The first thing you need to know is that Movenpick offers free tasting of all its flavours. And there are a lot. And some of the flavours you can’t quite properly grasp until you taste them, so don’t be shy. I try blueberry cheesecake, cinnamon, raspberry sorbet doubled with Swiss chocolate to make a Cherry Ripe-style duo, caramelita, espresso (as a non-coffee drinker this almost blew my head off – the flavour is strong), maple walnut, mint chocolate, chocolate brownie… you get the idea.
The process of creating Movenpick ice cream is something of a feat. Ingredients are sourced from all of the world – Madagascan vanilla pods, cocoa beans from Venezuela – and brought to Switzerland where the ice cream is prepared centrally, before being shipped to its stores around the world. You can’t doubt the Swiss for wanting to achieve consistency in quality product, even if I do wonder a bit about overall efficiency.
Movenpick ice creams are creamy. Really creamy. And the flavours come through strongly – they use natural ingredients and there are no artificial additives, colours or flavours – just like our own local Frugii. My favourite flavours are cinnamon and blueberry cheesecake (these are two separate flavours), but the tasting helps me uncover flavours I was convinced I wouldn’t really like and love: caramelita (with both caramel ripple and caramel bits) and the white chocolate, too.
I start with a double serve of cinnamon and blueberry cheesecake in a cone.

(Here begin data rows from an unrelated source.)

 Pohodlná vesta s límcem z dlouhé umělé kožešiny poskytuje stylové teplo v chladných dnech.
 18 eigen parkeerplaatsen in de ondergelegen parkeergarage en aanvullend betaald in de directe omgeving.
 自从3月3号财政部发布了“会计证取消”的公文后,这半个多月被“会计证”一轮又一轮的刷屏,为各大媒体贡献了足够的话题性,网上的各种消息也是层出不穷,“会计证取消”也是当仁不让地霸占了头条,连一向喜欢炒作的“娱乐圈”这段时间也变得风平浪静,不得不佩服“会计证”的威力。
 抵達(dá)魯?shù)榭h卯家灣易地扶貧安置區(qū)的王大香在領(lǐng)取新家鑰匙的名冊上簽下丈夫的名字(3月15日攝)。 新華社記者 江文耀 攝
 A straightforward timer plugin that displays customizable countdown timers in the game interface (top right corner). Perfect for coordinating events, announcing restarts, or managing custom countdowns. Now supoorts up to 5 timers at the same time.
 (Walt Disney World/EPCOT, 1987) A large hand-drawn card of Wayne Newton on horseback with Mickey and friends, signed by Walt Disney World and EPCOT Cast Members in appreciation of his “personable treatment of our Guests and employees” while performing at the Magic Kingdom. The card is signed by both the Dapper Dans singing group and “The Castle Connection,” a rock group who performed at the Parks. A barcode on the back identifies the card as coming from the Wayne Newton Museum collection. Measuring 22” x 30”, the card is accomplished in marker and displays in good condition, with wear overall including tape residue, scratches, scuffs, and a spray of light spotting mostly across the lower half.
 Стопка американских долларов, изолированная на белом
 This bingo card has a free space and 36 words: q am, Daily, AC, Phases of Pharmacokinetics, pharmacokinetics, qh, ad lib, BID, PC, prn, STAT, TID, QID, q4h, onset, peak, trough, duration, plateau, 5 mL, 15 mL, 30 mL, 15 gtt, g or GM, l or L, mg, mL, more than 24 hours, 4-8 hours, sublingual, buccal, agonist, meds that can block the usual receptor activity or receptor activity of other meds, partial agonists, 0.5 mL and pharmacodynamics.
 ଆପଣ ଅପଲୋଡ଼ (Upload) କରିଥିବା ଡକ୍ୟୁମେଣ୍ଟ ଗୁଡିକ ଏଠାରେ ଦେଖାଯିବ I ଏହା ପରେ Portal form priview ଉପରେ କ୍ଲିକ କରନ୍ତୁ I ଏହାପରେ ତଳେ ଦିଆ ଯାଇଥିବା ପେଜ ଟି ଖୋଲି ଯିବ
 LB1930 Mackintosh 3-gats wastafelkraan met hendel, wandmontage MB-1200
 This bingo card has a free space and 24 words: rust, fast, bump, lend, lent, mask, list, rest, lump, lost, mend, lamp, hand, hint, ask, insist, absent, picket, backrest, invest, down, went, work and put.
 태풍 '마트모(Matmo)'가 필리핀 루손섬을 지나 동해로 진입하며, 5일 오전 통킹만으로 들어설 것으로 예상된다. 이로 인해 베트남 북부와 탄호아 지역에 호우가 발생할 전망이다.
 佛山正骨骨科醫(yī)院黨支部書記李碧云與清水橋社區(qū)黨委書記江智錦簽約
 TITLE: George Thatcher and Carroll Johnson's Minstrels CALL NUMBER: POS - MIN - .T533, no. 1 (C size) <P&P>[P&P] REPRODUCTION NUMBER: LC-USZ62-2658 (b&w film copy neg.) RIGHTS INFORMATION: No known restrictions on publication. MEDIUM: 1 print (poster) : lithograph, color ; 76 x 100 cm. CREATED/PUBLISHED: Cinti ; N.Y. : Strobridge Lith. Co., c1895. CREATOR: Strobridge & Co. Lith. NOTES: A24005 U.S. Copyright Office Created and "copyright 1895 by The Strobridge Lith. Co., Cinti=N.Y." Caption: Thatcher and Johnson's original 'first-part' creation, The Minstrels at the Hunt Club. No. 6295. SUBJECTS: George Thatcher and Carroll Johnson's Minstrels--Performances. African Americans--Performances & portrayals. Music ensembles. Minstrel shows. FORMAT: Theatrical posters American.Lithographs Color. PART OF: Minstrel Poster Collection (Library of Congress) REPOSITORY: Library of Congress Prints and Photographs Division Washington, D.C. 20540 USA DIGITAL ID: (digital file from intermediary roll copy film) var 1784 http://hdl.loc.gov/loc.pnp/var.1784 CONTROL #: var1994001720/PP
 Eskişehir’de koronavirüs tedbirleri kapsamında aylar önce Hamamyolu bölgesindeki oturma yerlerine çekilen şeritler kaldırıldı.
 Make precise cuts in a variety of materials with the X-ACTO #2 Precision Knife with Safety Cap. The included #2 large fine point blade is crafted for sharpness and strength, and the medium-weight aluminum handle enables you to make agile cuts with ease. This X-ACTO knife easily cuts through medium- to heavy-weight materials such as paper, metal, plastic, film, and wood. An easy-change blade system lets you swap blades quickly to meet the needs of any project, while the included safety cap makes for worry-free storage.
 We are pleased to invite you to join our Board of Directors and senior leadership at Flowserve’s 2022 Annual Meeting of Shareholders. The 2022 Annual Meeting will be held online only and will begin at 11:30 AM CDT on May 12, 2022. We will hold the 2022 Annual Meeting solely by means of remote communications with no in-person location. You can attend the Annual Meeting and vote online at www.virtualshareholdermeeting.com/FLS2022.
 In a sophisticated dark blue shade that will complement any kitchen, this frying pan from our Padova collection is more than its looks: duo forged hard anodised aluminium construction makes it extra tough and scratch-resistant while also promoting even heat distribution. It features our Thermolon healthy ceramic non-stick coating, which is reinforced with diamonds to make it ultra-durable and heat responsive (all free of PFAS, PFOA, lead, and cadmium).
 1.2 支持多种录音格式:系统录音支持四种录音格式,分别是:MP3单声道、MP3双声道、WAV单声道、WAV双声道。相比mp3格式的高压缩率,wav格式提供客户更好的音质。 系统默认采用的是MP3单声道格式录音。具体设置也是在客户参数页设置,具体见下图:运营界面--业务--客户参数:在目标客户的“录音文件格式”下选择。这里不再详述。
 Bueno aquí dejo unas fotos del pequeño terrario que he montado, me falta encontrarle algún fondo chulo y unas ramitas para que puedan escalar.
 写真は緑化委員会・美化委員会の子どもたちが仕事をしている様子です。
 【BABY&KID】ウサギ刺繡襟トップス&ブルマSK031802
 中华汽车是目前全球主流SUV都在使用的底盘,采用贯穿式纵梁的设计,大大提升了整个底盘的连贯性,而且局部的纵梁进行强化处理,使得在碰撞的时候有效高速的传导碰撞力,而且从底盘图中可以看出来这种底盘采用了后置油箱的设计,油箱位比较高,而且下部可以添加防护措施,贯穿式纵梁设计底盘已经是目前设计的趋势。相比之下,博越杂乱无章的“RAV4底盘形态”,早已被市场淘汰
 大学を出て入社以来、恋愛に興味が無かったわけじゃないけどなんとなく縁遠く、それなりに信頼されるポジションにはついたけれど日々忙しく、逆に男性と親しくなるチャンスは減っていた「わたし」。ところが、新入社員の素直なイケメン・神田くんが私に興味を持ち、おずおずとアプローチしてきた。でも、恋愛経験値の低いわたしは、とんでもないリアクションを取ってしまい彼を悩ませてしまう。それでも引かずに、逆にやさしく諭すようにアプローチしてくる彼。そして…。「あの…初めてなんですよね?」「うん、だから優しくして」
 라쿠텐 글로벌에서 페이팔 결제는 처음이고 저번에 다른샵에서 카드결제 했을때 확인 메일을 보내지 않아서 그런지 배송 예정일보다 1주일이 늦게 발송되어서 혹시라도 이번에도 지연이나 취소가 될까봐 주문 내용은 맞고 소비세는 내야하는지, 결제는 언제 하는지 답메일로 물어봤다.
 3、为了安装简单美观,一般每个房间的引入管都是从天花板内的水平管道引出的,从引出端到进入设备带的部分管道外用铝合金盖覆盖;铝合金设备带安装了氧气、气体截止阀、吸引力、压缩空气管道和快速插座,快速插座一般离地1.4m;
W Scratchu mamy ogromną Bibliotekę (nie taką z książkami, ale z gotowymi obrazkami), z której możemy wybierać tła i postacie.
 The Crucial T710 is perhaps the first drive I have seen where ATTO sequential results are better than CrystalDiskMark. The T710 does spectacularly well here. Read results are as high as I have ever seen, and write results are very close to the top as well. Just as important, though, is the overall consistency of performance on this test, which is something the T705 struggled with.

But it turns out to be that my only love is sprung from my only hate. Or, to be less dramatic, the delicious blueberry cheesecake (which I love) is slated to replace the cinnamon ice cream (which is beyond devastating!). If you are reading this, Movenpick head honchos, you are making a mistake. The cinnamon is so, so good. (If you think you might like even kind of like the cinnamon I urge you to get in quick before it’s gone forever!)
While I’ve been on my Charlie and the Chocolate Factory-esque taste of everything on site, Boyfriend has gone ahead and ordered a plate of the Movenpick macarons: macaron shells filled with ice cream and served with cream and a dash of chocolate sauce. It’s pretty darn decadent with chocolate, salted caramel and pistachio ($12.95).
I think this is one of the best value for money offerings that Movenpick has: the macaron shells are high quality and the servings of ice cream sandwiched in each is essentially three different scoops. I’m not sure what it is about the pistachio but I’m not a fan and neither is Boyfriend – but otherwise the tastes are very, very good.
(Do you like the plates? They’re by Robert Gordon Australia.)
Siddharth insists we try the chocolate waffles. These, along with the apple strudel, are items which obviously have a particular appeal during winter. The waffles are prepared on site according to the Movenpick recipe and they’re made to order so they come out hot and fresh with another two big serves of ice cream and brilliantly-red, sweet strawberries with lashings of chocolate sauce.
This is another very decadent dessert. The waffles are crisp on the edge and overall very cakey in texture. Noting most of my waffle experience has been with frozen ones that you microwave that are essentially hollow inside, this takes me by surprise. Keeping the ice cream and waffles separate keeps the ice cream from melting and lets you choose how you want to eat them, but my recommendation is to pile the ice cream on the waffle so you get the cakey bits, the crunchy bits, the cold bits and hot bits all in one mouthful. Yum! (Save the strawberries until last so you can end feeling healthy.)
While Frugii will always be #1 for me, I’m impressed with what Movenpick has to offer, especially given it’s a franchise. The personal effort from Siddharth and Aneeta can be felt throughout the store and the ice cream flavours are spot on.
(Please keep the cinnamon ice cream, Movenpick. It really is very, very good.)
Date: Saturday, 7 May 2016
Where: Kingston Foreshore, 43 Eastlake Parade
Cost: I attended Movenpick Kingston as a guest; we paid for the ice cream sandwich macarons
Worthwhile factor: Highly worthwhile
Value for money: Reasonable: as you might expect from a product with ingredients sourced from around the world and centrally prepared in Switzerland, a single scoop is on the upper end for cost – but it is very high quality.